[Dataset records]

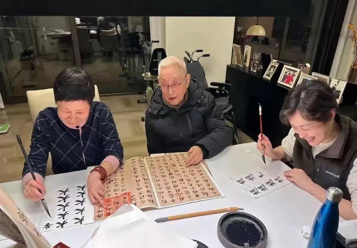 一家人搬进大平层后,吴越也经常陪伴父母。他们围在书桌上练字,84岁的父亲作为指导,时不时的提出几句点评,有说有笑的也很开心。
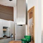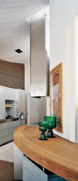 A bold, stainless steel range hood hangs mere inches from the wall and ceiling to create a sculptural effect—yet another nod to the tastes and habits of the homeowners, who collect art as a hobby. To keep the focus on the hood, the architects omitted upper cabinets in favor of lower cabinets that continue along the wall into the dining space, to function as furniture. Rolling shutters close off the countertop between the fridge and ovens to minimize clutter and keep the space at its simple, sleek best.
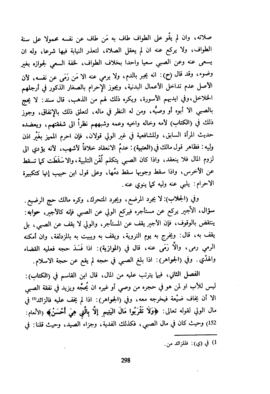 صَلَاتِهِ وَإِنْ لَمْ يَقْوَ عَلَى الطَّوَافِ طَافَ بِهِ مَنْ طَافَ عَنْ نَفْسِهِ مَحْمُولًا عَلَى سُنَّةِ الطَّوَافِ وَلَا يَرْكَعُ عَنْهُ إِنْ لَمْ يَعْقِلِ الصَّلَاةَ لِتَعَذُّرِ النِّيَابَةِ فِيهَا شَرْعًا وَلَهُ أَنْ يَسْعَى عَنْهُ وَعَنِ الصَّبِيِّ سَعْيًا وَاحِدًا بِخِلَافِ الطَّوَافِ لِخِفَّةِ السَّعْيِ لِجَوَازِهِ بِغَيْرِ وُضُوءٍ وَقَدْ قَالَ ح إِنَّهُ يُجْبَرُ بِالدَّمِ وَلَا يَرْمِي عَنْهُ إِلَّا مَنْ رَمَى عَنْ نَفْسِهِ لِأَنَّ الْأَصْلَ عَدَمُ تَدَاخُلِ الْأَعْمَالِ الْبَدَنِيَّةِ وَيَجُوزُ الْإِحْرَامُ بِالصِّغَارِ الذُّكُورِ فِي أَرْجُلِهِمُ الْخَلَاخِلُ وَفِي أَيْديهم الإسورة ذَلِكَ لَهُمْ مِنَ الذَّهَبِ قَالَ سَنَدٌ لَا يَحُجُّ بِالصَّبِيُّ إِلَّا أَبُوهُ أَوْ وَصِيُّهُ وَمَنْ لَهُ النَّظَرُ فِي مَالِهِ لِتَعَلُّقِ ذَلِكَ بِالْإِنْفَاقِ وَجَوَّزَ ذَلِكَ فِي الْكِتَابِ لِأُمِّهِ وَخَالِهِ وَأَخِيهِ وَعَمِّهِ وَشِبْهِهِمْ نَظَرًا إِلَى شَفَقَتِهِمْ وَيُعَضِّدُهُ حَدِيثُ الْمَرْأَةِ السَّابِقُ وَلِلشَّافِعِيَّةِ فِي غَيْرِ الْوَلِيِّ قَوْلَانِ فَإِنْ أَحْرَمَ الْمُمَيِّزُ بِغَيْرِ إِذْنِ وَلَيِّهِ فَظَاهَرُ قَوْلِ مَالِكٍ فِي الْعُتْبِيَّةِ عَدَمُ الِانْعِقَادِ خِلَافًا لِأَشْهَبَ لِأَنَّهُ يُؤَدِّي إِلَى لُزُومِ الْمَالِ فَلَا يَنْعَقِدُ وَإِذَا كَانَ الصَّبِيُّ يَتَكَلَّمُ لُقِّنَ التَّلْبِيَةَ وَإِلَّا سَقَطَتْ كَمَا تَسْقُطُ عَنِ الْأَخْرَسِ وَإِذَا سَقَطَ وُجُوبُهَا سَقَطَ دَمُهَا وَعَلَى قَوْلِ ابْنِ حَبِيبٍ إِنَّهَا كَتَكْبِيرَةِ الْإِحْرَامِ يُلَبِّي عَنْهُ وَلَيُّهُ كَمَا يَنْوِي عَنْهُ وَفِي الْجُلَّابِ لَا يُجَرَّدُ الْمُرْضَعُ وَيُجَرَّدُ الْمُتَحَرِّكُ وَكَرِهَ مَالِكٌ حَجَّ الرَّضِيعِ سُؤَالٌ الْأَجِيرُ يَرْكَعُ عَنْ مُسْتَأْجِرِهِ فَيَرْكَعُ الْوَلِيُّ عَن الصَّبِي فَإِنَّهُ كالأجير حوابه يَنْتَقِضُ بِالْوُقُوفِ فَإِنَّ الْأَجِيرَ يَقِفُ عَنِ الْمُسْتَأْجِرِ وَالْوَلِيُّ لَا يَقِفُ عَنِ الصَّبِيِّ بَلْ يَقِفُ بِهِ قَالَ وَيَخْرُجُ بِهِ يَوْمَ التَّرْوِيَةِ وَيَقِفُ بِهِ وَيَبِيتُ بِهِ بِالْمُزْدَلِفَةِ وَإِنْ أَمْكَنَهُ الرَّمْيُ رَمَى وَإِلَّا رَمَى عَنْهُ قَالَ فِي الْمَوَّازِيَّةِ إِذَا فَسَدَ حَجُّهُ فَعَلَيْهِ الْقَضَاءُ وَالْهَدْيُ وَفِي الْجَوَاهِرِ إِذَا بَلَغَ الصَّبِيُّ فِي حَجِّهِ لَمْ يَقَعْ عَنْ حَجَّةِ الْإِسْلَامِ الْفَصْلُ الثَّانِي فِيمَا يَتَرَتَّبُ عَلَيْهِ مِنَ الْمَالِ قَالَ ابْنُ الْقَاسِمِ فِي الْكِتَابِ لَيْسَ لِلْأَبِ أَوْ لِمَنْ هُوَ فِي حِجْرِهِ مِنْ وَصِيٍّ أَوْ غَيْرِهِ أَنْ يُحِجَّهُ وَيَزِيدَ فِي نَفَقَةِ الصَّبِيِّ إِلَّا أَنْ يخَاف ضيعه فَيُخْرِجَهُ مَعَهُ وَفِي الْجَوَاهِرِ إِذَا لَمْ يَخَفْ عَلَيْهِ فَالزَّائِدُ فِي مَالِ الْوَلِيِّ لِقَوْلِهِ تَعَالَى {وَلا تَقْرَبُوا مَالَ الْيَتِيمِ إِلا بِالَّتِي هِيَ أَحْسَنُ} الْأَنْعَام 152 وَحَيْثُ كَانَ فِي مَالِ الصَّبِيِّ فَكَذَلِكَ الْفِدْيَةُ وَجَزَاءُ الصَّيْدِ وَحَيْثُ قُلْنَا فِي
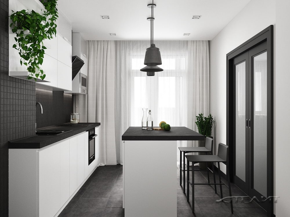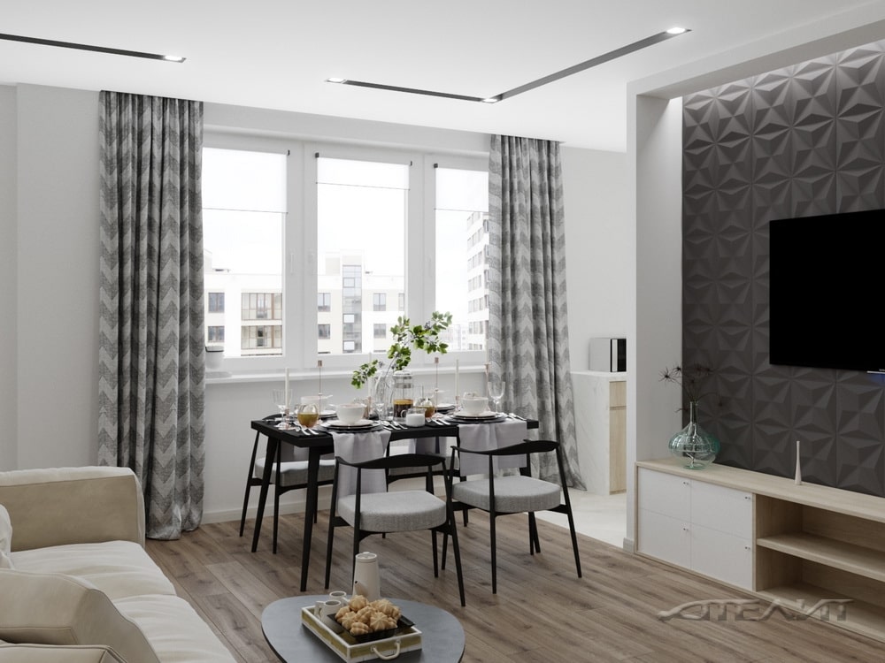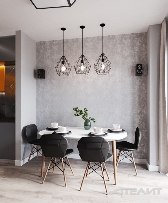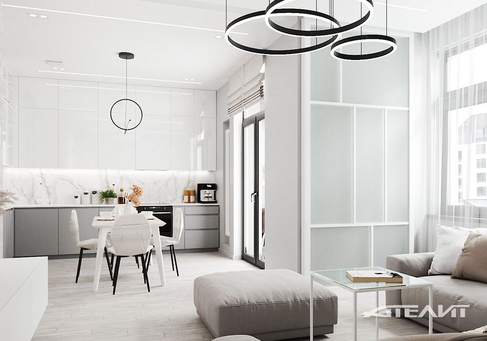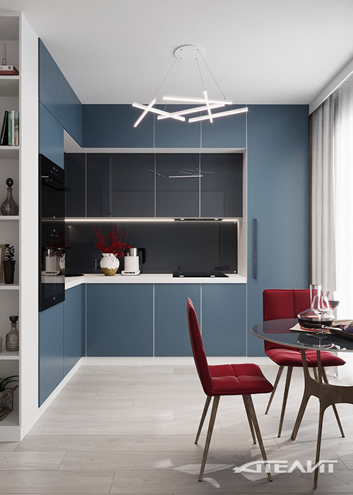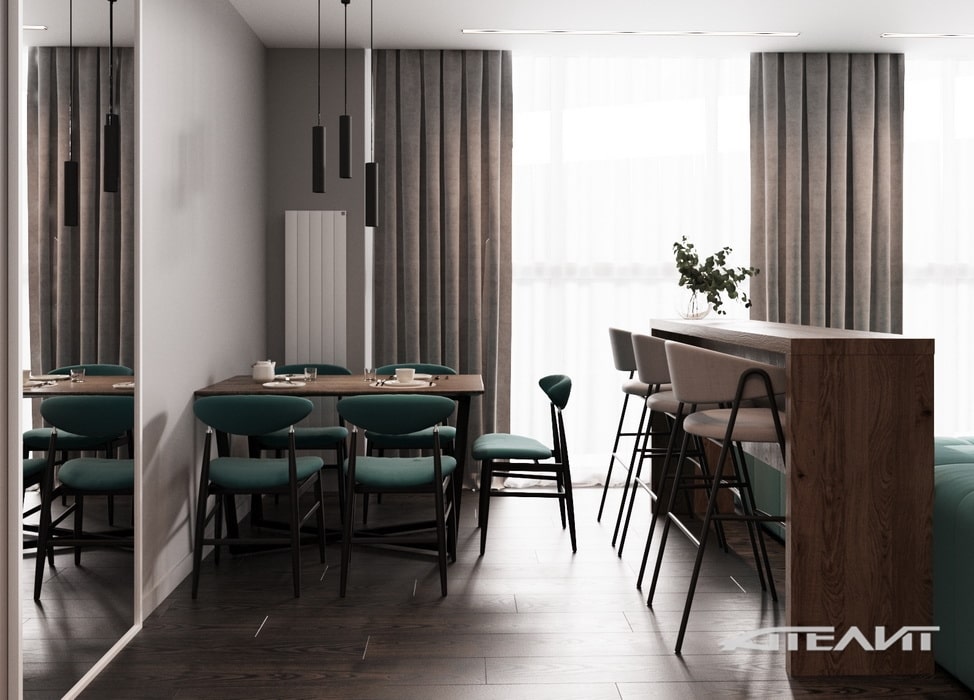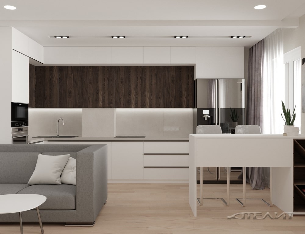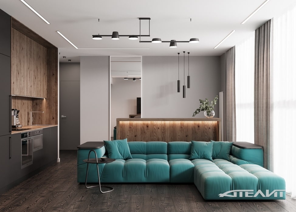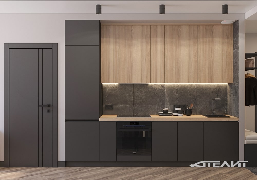 Компактная квартира с детской и спальней в современном стиле от компании «Ателит». Специалистам студии удалось создать удобное жилое пространство с учетом пожеланий обитателей. Кухня и гостиная преобразованы в единое помещение с грамотно разделенными функциональными зонами. Нашлось место даже для отдельной рабочей зоны, где можно с комфортом расположиться, если работа застала дома.
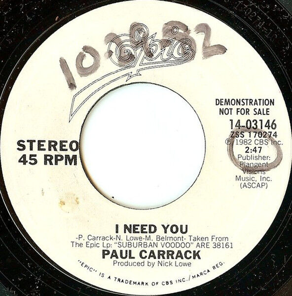 Notify me when Paul Carrack I Need You Vinyl 7" USED is available.
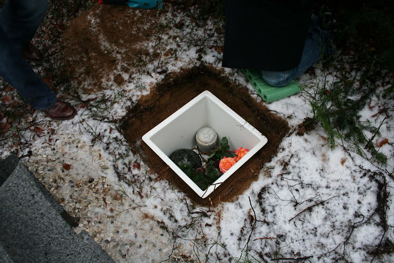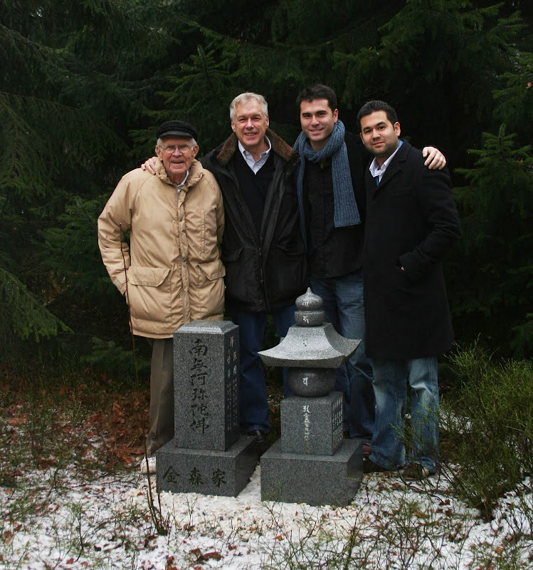 Our new gravesite is in a memorial park, away from well-traveled paths, in front of a grove of fir trees.On Christmas Eve 2007, Telfer (Sakiko’s Father-in-Law), Byron, Barry, and Dennis had a short burial service.We put all the urns in the ground, along with two orange (Dutch) flowers.We visit quite often. Barry and Dennis are less than two hours away in western Holland, and Byron is a bit more than two hours away in Germany.
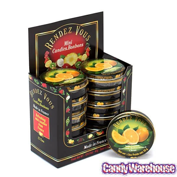Display box contains 12 Rendez Vous Sour Lemon Mini Bon Bons Candy Tins.
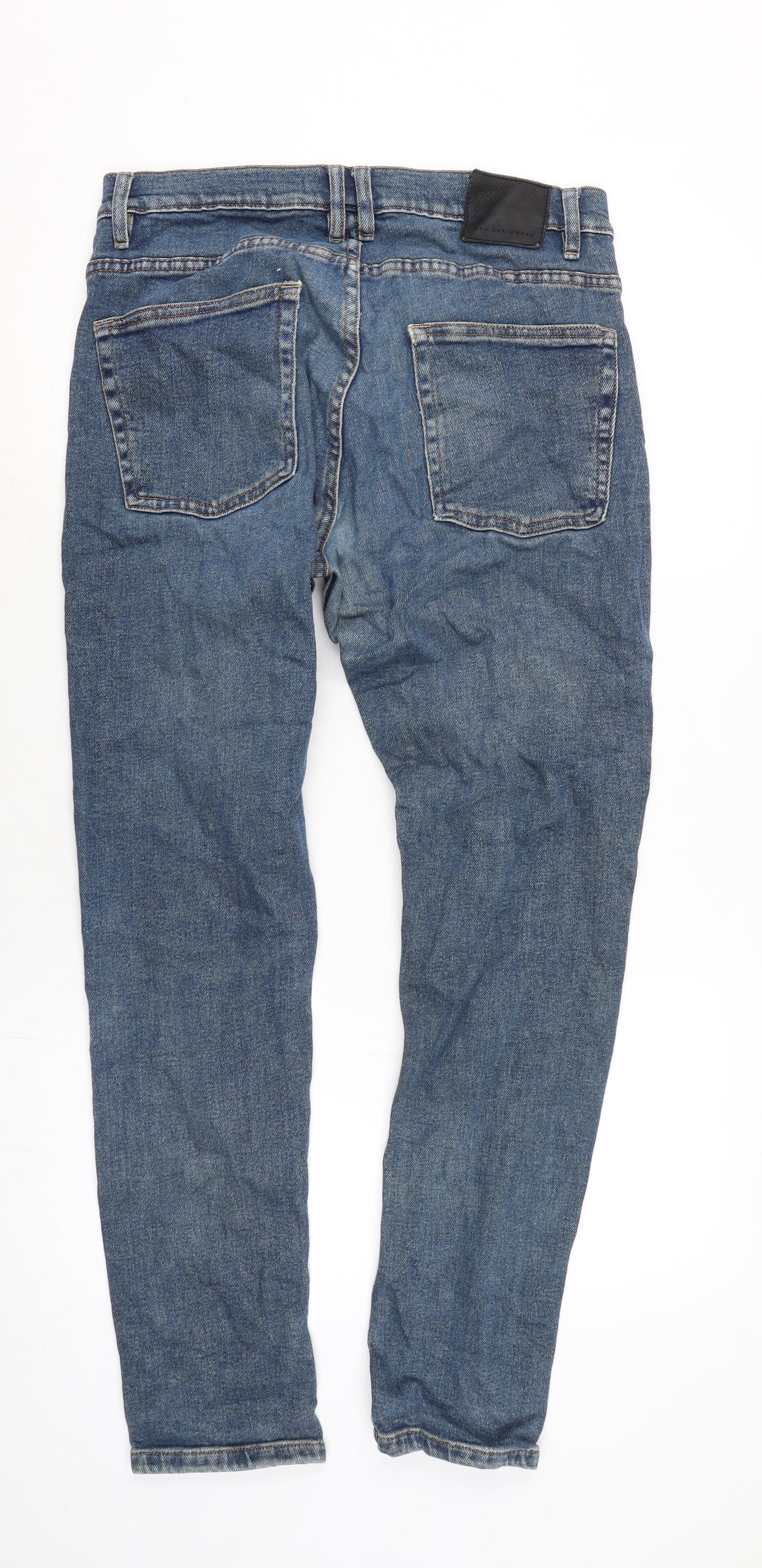 Zara Mens Blue Cotton Blend Straight Jeans Size 32 in L31 in Regular Zip

[/Dataset records]

- _The problem_: What should be set down is every line from the opening of the records through the line that contains "A bold, stainless", exactly, with pictures left out.

- _Answer section_:
 一家人搬进大平层后,吴越也经常陪伴父母。他们围在书桌上练字,84岁的父亲作为指导,时不时的提出几句点评,有说有笑的也很开心。
 A bold, stainless steel range hood hangs mere inches from the wall and ceiling to create a sculptural effect—yet another nod to the tastes and habits of the homeowners, who collect art as a hobby. To keep the focus on the hood, the architects omitted upper cabinets in favor of lower cabinets that continue along the wall into the dining space, to function as furniture. Rolling shutters close off the countertop between the fridge and ovens to minimize clutter and keep the space at its simple, sleek best.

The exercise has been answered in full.